11.7. Heuristic Analysis Using Neural Networks
Several researchers have attempted to use neural networks to detect computer viruses. Neural networks are a sub-field of artificial intelligence26, 27, so the subject is very exciting. Difficult polymorphic EPO viruses such as Zhengxi have been detected successfully using a trained neural network28.
In general, a trained neural network seems to be overkill for detecting a single virus because of the amount of data and computations required. Even a well-optimized neural network scanner can decrease overall scanning performance by about 5%. Thus it is more interesting that neural networks can be applied to heuristic computer virus detection. In practice, IBM researchers have successfully applied neural networks to heuristic detection of boot29 and Win32 viruses30.
One of the key problems of any heuristic is the false positive ratio. If the heuristic is too alarming, people will not use it. IBM researchers demonstrated that single-layer classifiers yield the best results with a voting system. Figure 11.8 shows a typical single-layer classifier with a threshold31.
Figure 11.8. Single-layer classifier with threshold.
Neural networks can easily be overtrained, which is a pitfall of the method. Overtrained networks remember the training set extremely well, but they do not work with new sample sets. In other words, they fail to detect new viruses. To eliminate this problem, multiple neural networks are trained using distinct features. In addition, a voting system is used so that more than one network must agree about a positive detection. In the first experiments, IBM used four neural networks with voting, but it turned out that the best result was achieved when five networks out of eight agreed on a positive.

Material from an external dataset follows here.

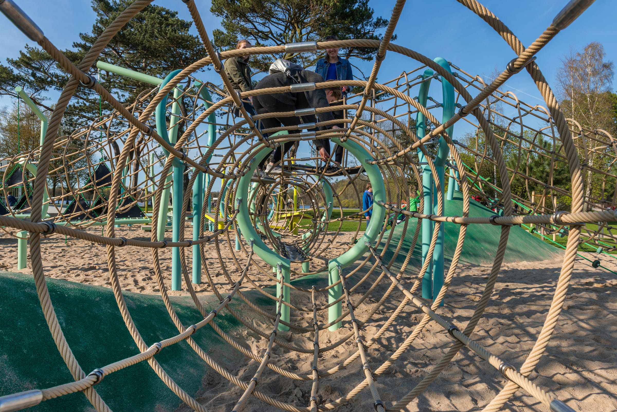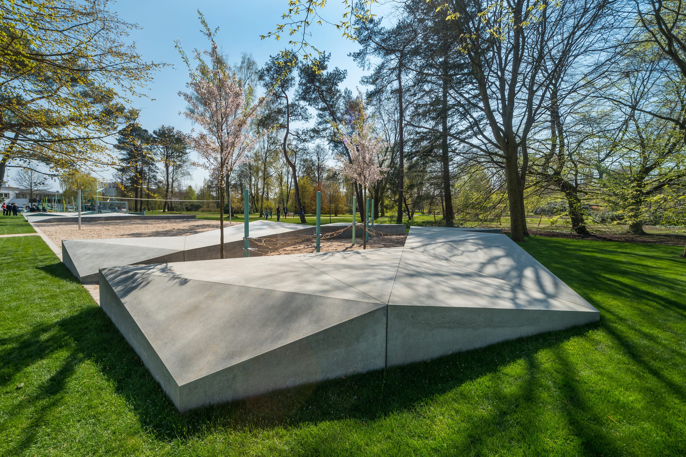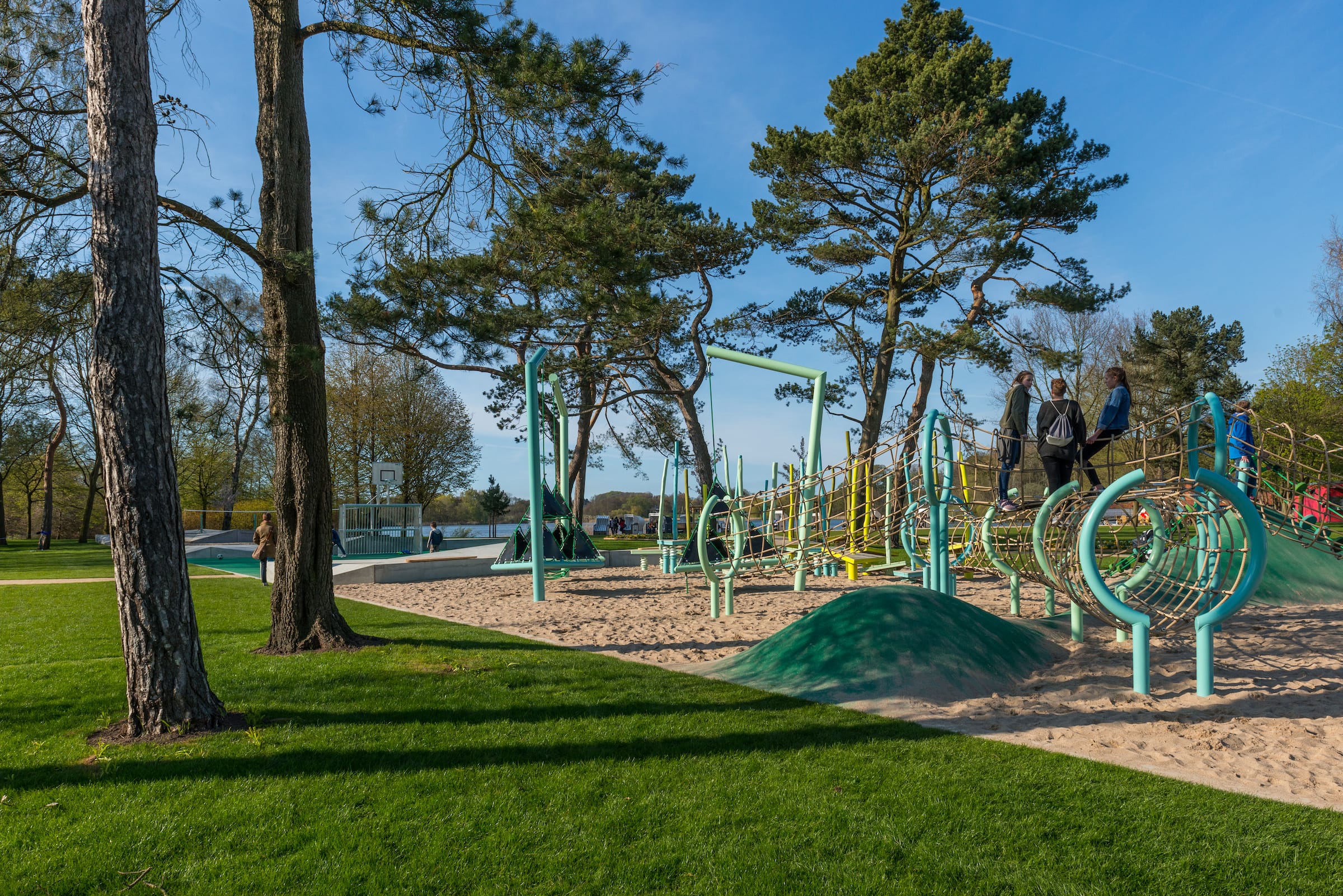 作為與歷史悠久的Schlossgarten公園形成對比的一個景觀,Seepark已發(fā)展成為一個娛樂性的景觀,為家庭、兒童和青少年提供了各種各樣的活動空間,緩解了以前對地標(biāo)保護(hù)花園的過度使用。除了開闊的放松區(qū)域,它還提供了許多戶外活動機(jī)會,為兒童和青少年舉辦講習(xí)班,設(shè)計(jì)他們自己的游戲和運(yùn)動場地。沙灘上有日光浴區(qū),也有沙灘排球和街球的場地。“湖泊”和“森林”的主題是在一個多層面的、挑戰(zhàn)性的面向兒童的游戲世界中體現(xiàn)的,這為他們的感官而打造:攀爬可以測試他們的平衡和靈活性;網(wǎng)狀隧道像魚網(wǎng)一樣伸展,覆蓋在模型塑料表面;帶有擋泥板的松緊繩索也可以攀爬;移動的柱子創(chuàng)造了一個“搖擺的森林”;樹屋正在建造中。整個公園都有野餐和燒烤的地方。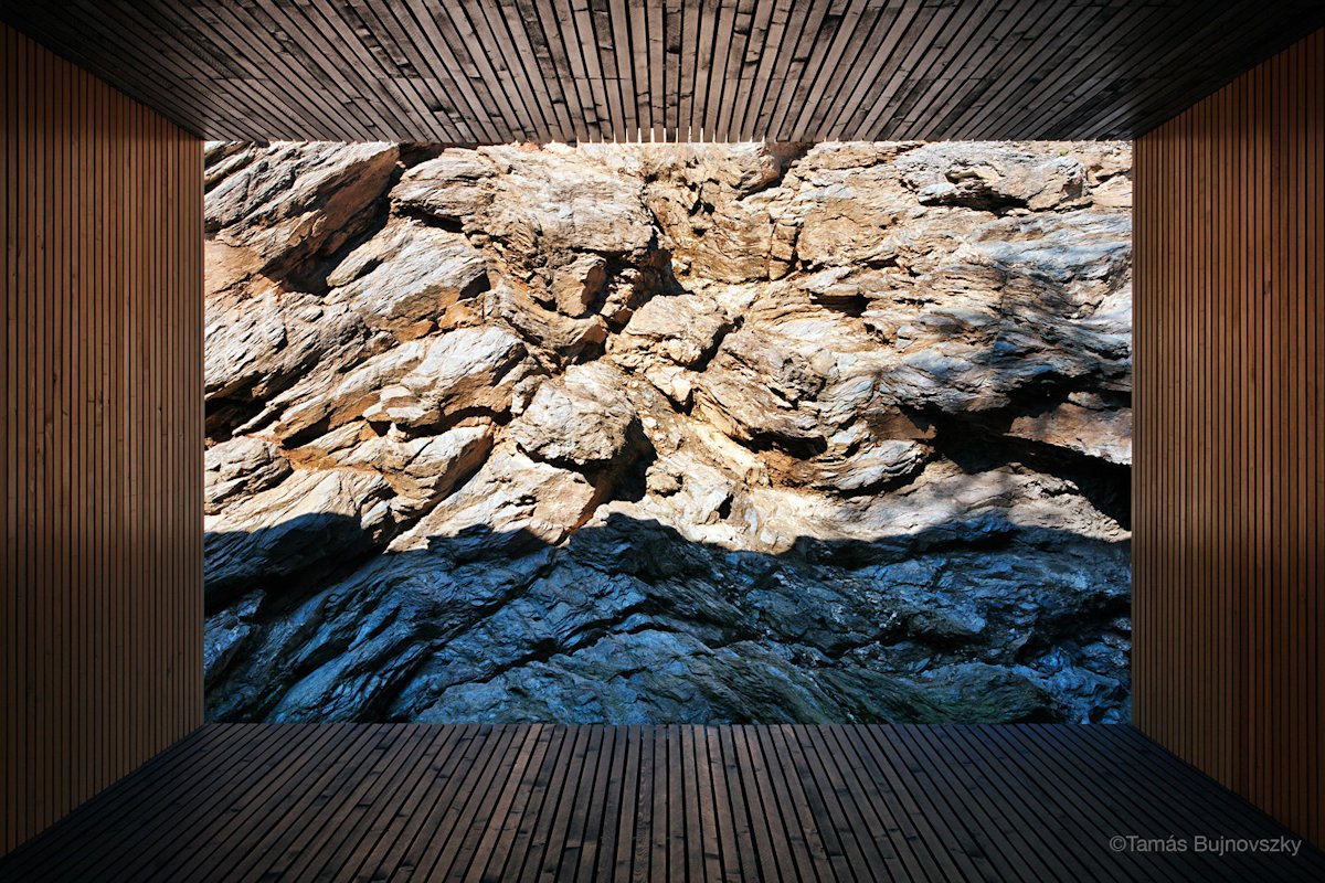 Mr. Hideg and his wife spent 3 years on site to build this precisely detailed and custom-tailored house by hand. They carried out almost every phase of construction from cleaning the cliffs to building custom furniture. Their devotion and insistent enthusiasm had key importance along the process of design and construction of the holiday home.

The basic idea of the training is the selection of n-grams (sequences a couple of bytes long) of the constant part of viruses that indicate an infection. The selection of n-grams for neural network training is the unique feature of IBM's solution. For example, 4-byte sequences can be used to train the network. To train the networks better, a corpus database is used to check whether the n-grams extracted from the constant virus body areas of known computer viruses appear more than a threshold T. If the threshold is exceeded, the n-gram is not used.
The training input vector to the network is constructed using each n-gram with corresponding values. The values have counts for each n-gram feature and the correct output value of 0 or 1 for the neural network. IBM used back-propagation training software to train the networks, and the outputs of each network were saved. Outputs were squashed through a sigmoid output unit, which generated values in the 0.0 to 1.0 range:
sigmoid(x) = 1.0 / (1.0+exp(-x));
The threshold of the sigmoid output was set to 0.65 for 4-byte n-grams.
When the network data is available, it is introduced to a scanner the following way. The neural network heuristic is called whenever an area of the file is scanned. Thus whenever the scanner scans the area of a file, such as a 4KB buffer selected around the entry point of PE files, the heuristics can trigger if enough networks vote positive.
Neural networkbased heuristics depend on a good training set. With more 32-bit Windows viruses in the training set, the automatically trained heuristic produces slightly better results. In practice, neural network heuristics are very effective against closely related variants of viruses that were used in the original training set. They also yield good results against new families of computer viruses that are similar enough to the feature set of known viruses in the training set. It is also important to select n-grams of the virus from the entire virus body. Some antivirus vendors attempted to train neural networks with n-grams selected from emulated instructions of the virus body. However, looping virus code can often generate instruction sets (n-grams) similar to normal programs, yielding an unacceptable false positive ratio.
IBM's neural network engine was released in the Symantec antivirus engine. The neural network engine produced so few false positives that it was used in default scanning (it does not depend on any user-configurable options).